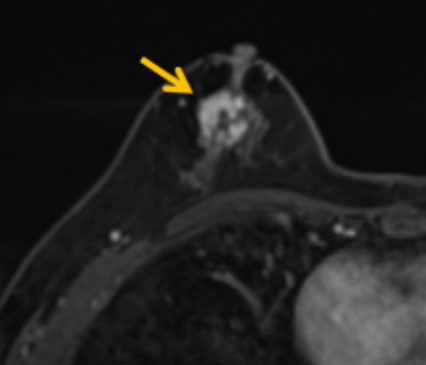 針對患者乳房小固定難度大這一問題,陳寶瑩通過巧妙體位和固定器的調(diào)整,順利固定好乳房。經(jīng)過磁共振多模態(tài)掃描,陳寶瑩找出病變活性成分相對集中區(qū)域,精準(zhǔn)確定穿刺路徑,置入引導(dǎo)針、旋切針,到位后多角度旋切取出足量組織,拔除旋切針后即時行磁共振掃描,精準(zhǔn)取得組織且術(shù)區(qū)出血很少,遂加壓包扎,整個過程非常順利,旋切活檢后患者回家休息。兩天后隨訪,李女士沒有任何不適,五天后皮膚上幾毫米的小切口已經(jīng)愈合。最終病理結(jié)果證實(shí)為乳腺導(dǎo)管原位癌,為早期乳腺癌,為患者后續(xù)針對性治療奠定了基礎(chǔ)。
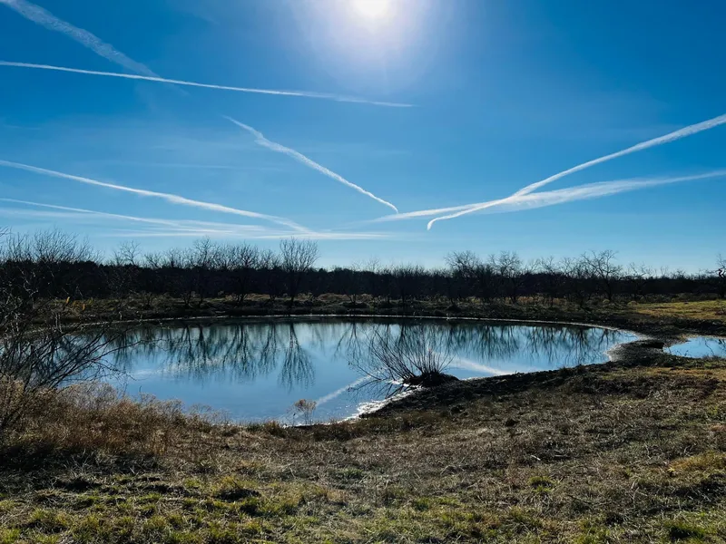 Offers a creek running through it, an elevated building site overlooking the pond, coop water and electric available at the road, and nice trees along the creek. Some mineral rights will convey and no restrictions.
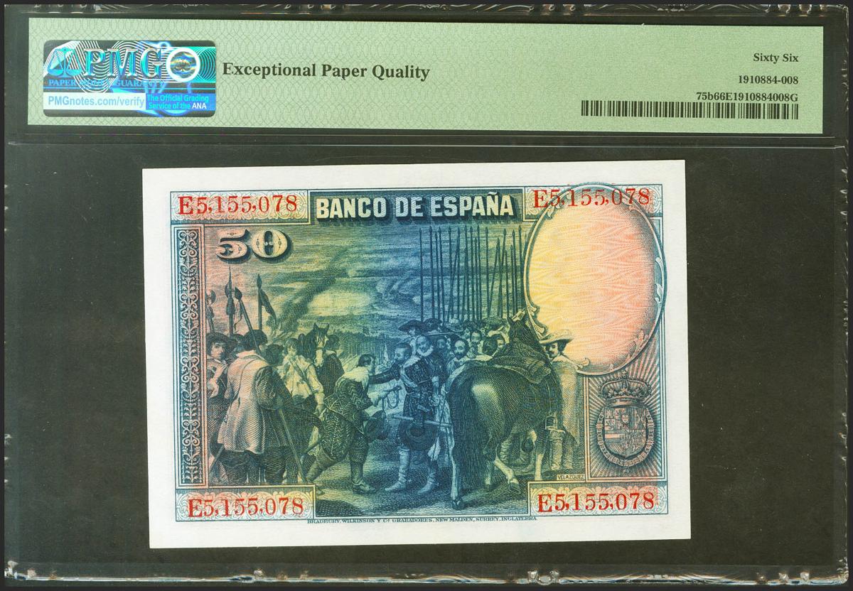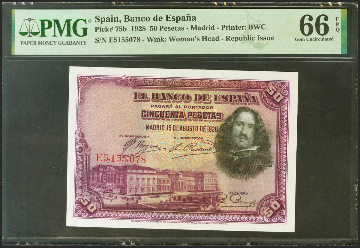 50 Pesetas. 15 de Agosto de 1928. Serie E, última serie emitida. (Edifil 2021: 354, Pick: 75b). Inusual en esta excepcional calidad, apresto original. SC. Encapsulado PMG66EPQ.

**PROBLEM**. What is needed is the listing above, repeated verbatim, without its images.

**EXERCISE RESULT**.
 針對患者乳房小固定難度大這一問題,陳寶瑩通過巧妙體位和固定器的調(diào)整,順利固定好乳房。經(jīng)過磁共振多模態(tài)掃描,陳寶瑩找出病變活性成分相對集中區(qū)域,精準(zhǔn)確定穿刺路徑,置入引導(dǎo)針、旋切針,到位后多角度旋切取出足量組織,拔除旋切針后即時行磁共振掃描,精準(zhǔn)取得組織且術(shù)區(qū)出血很少,遂加壓包扎,整個過程非常順利,旋切活檢后患者回家休息。兩天后隨訪,李女士沒有任何不適,五天后皮膚上幾毫米的小切口已經(jīng)愈合。最終病理結(jié)果證實(shí)為乳腺導(dǎo)管原位癌,為早期乳腺癌,為患者后續(xù)針對性治療奠定了基礎(chǔ)。
 Offers a creek running through it, an elevated building site overlooking the pond, coop water and electric available at the road, and nice trees along the creek. Some mineral rights will convey and no restrictions.
 50 Pesetas. 15 de Agosto de 1928. Serie E, última serie emitida. (Edifil 2021: 354, Pick: 75b). Inusual en esta excepcional calidad, apresto original. SC. Encapsulado PMG66EPQ.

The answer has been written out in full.